Adobe has made an open source tool available, designed to identify randomly generated strings in any plain text.
Dubbed Stringlifier, the method was written in Python and leverages machine learning to discern random sequences of characters from regular sequences.
The open-source project should be helpful in analyzing security and code logs, or in trying to discover passwords that may have been leaked accidentally.
Whether it’s hashes, API keys, randomly generated passwords, or other random string types in source code, logs, or configuration files, Stringlifier can help identify them easily.
Adobe’s public GitHub repository has released the source code for Stringlifier, but the software giant has made available a “pip” (Python package installer) installation package with a pre-trained model included.

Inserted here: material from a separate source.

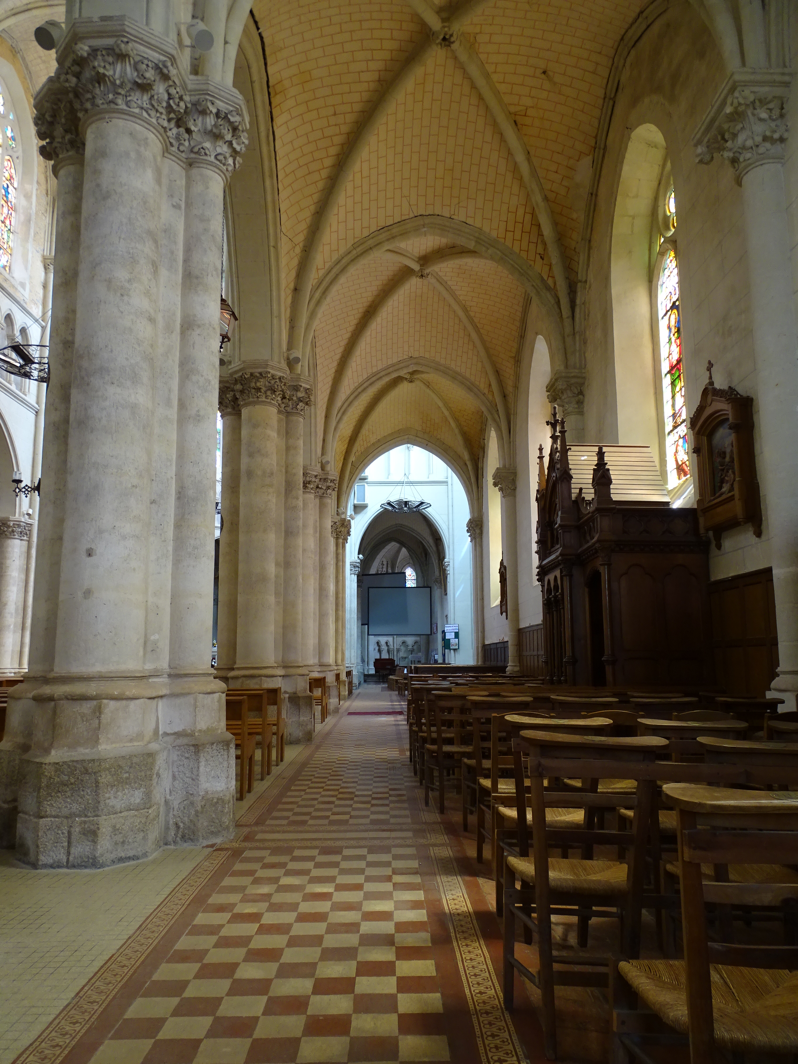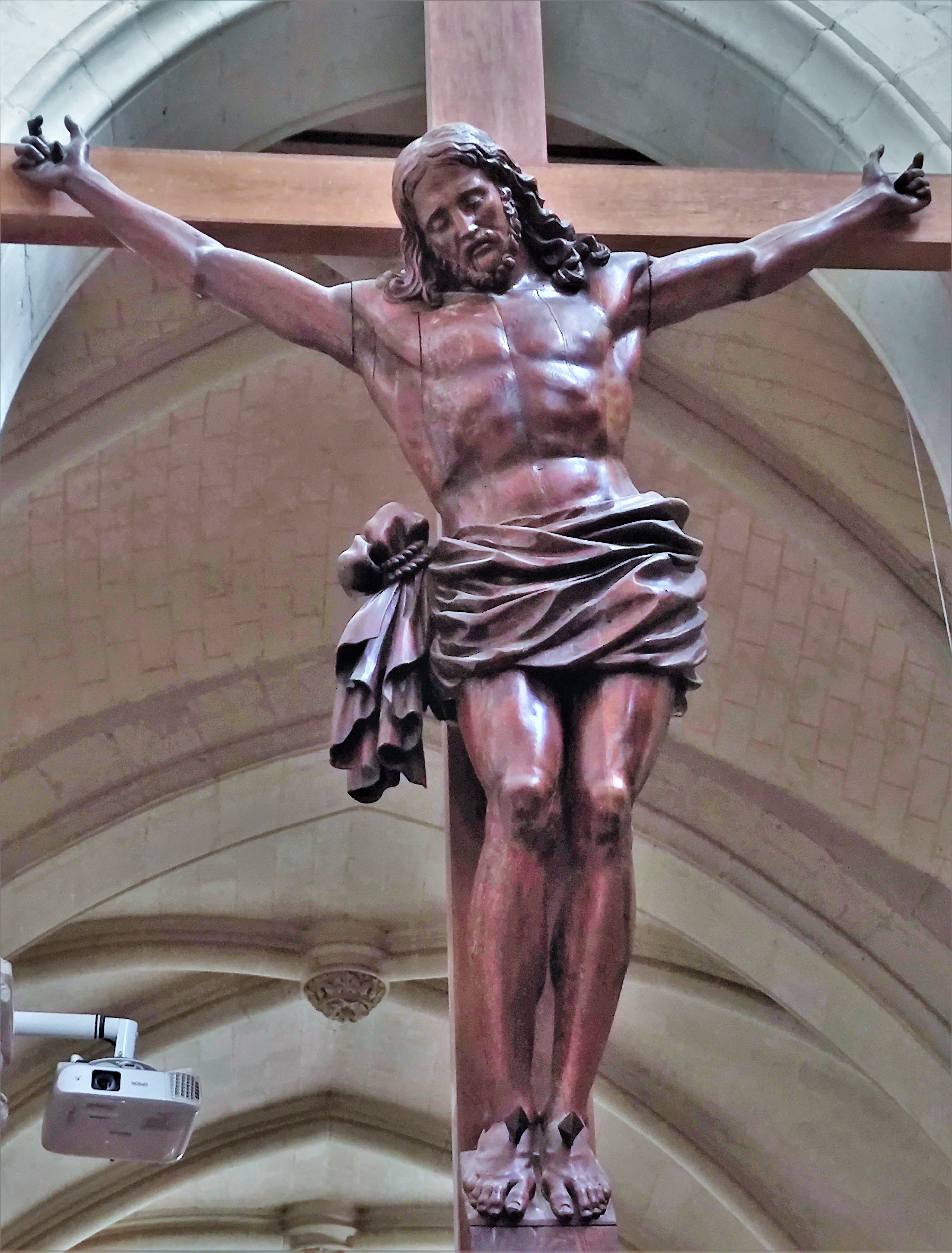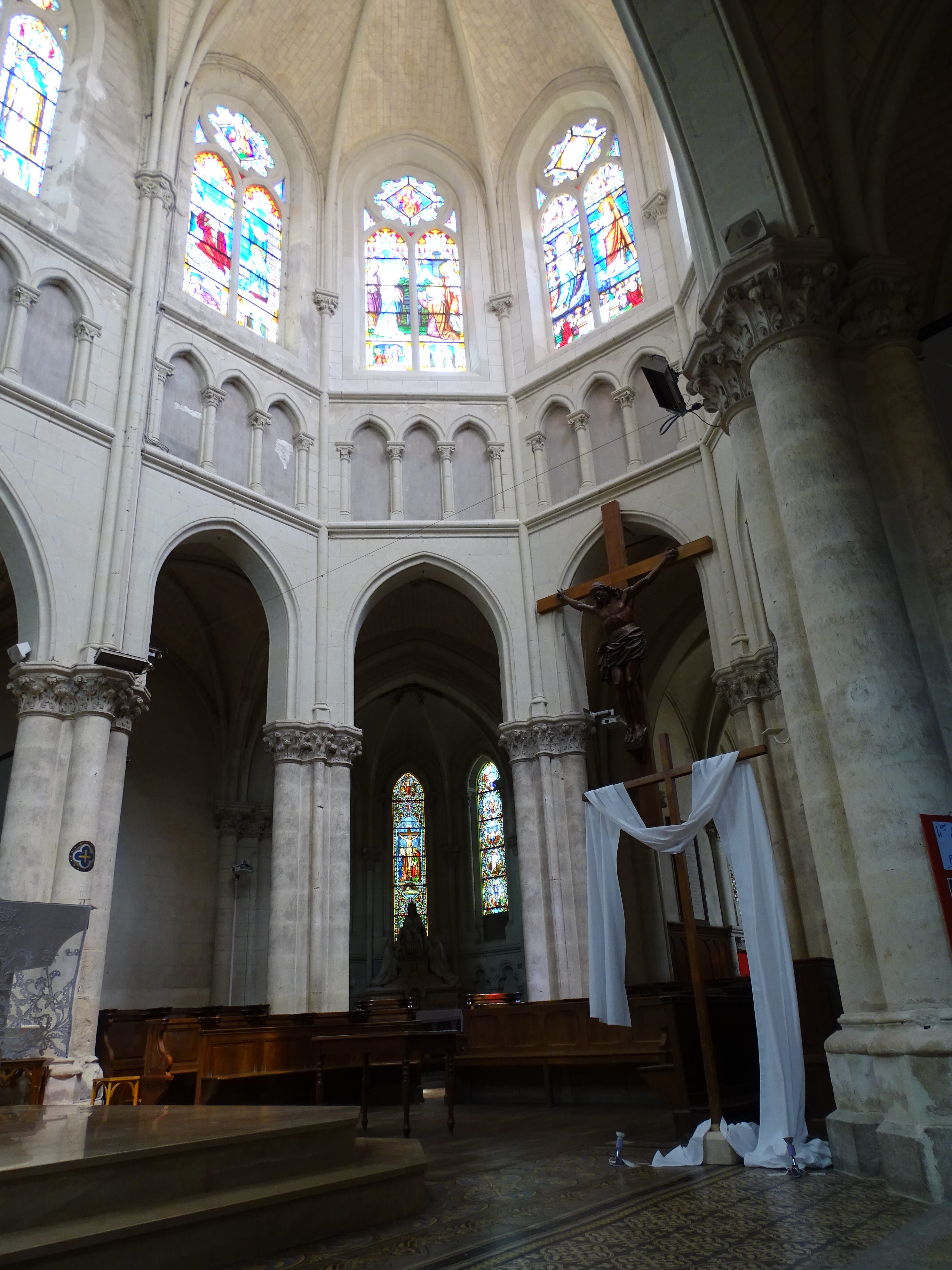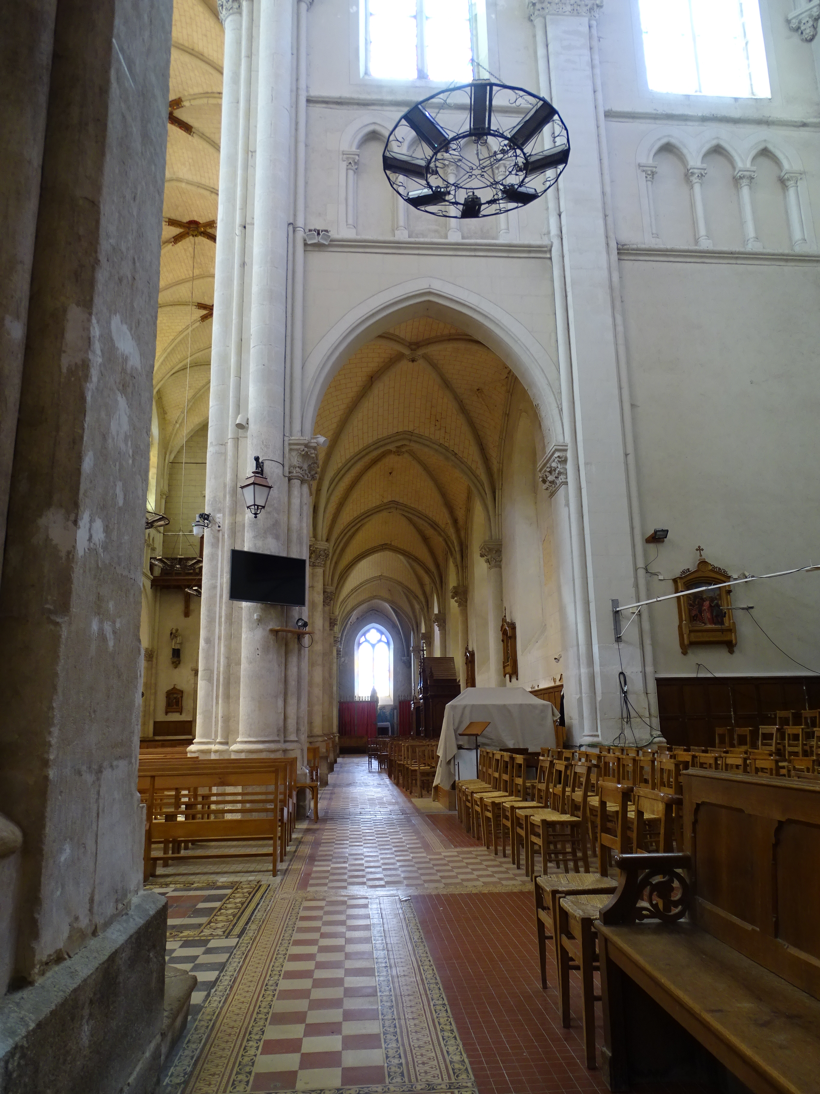Vraiment une très belle église, grande, spacieuse, aux nombreuses verrières à deux rangées, toutes représentant des scènes ou des personnages de saints. A remarquer aussi le beau Christ du chœur, dont l'histoire rapporte que voué à la destruction en 1831 par décret municipal, il fut caché à Angers puis acquit par le curé de Beaupréau qui le plaça à l'arrière de la grotte de Lourdes qui se trouve à l'extérieur de l'église (il surplombait alors cette grotte); mais abattu ensuite par une tempête en 1951, il fut enfin placé dans l'église en 1959.

Apart from the open-source utility called Tripod, Adobe claims it has already used the tool to identify random strings when looking for anomalies in datasets.
The team used various pre-process approaches and transformed long strings into numerical form, but these approaches hit a roadblock when finding random strings, disrupting the algorithm for clustering.
By substituting < RANDOM STRING > for all random character sequences, the team was able to group similar types of command lines easier, even if they used random hashes in their parameters.
“We hope you find useful stringlifier. The entire source code can be found in the GitHub repository of Adobe. In that archive, you can also find all our other open source projects from across Adobe’s security teams. We look forward to receiving reviews, and are always welcome to contribute, “says Adobe.
The company also provides details on how to get started using Stringlifier and how users can train their own models while looking for different types of strings to be identified.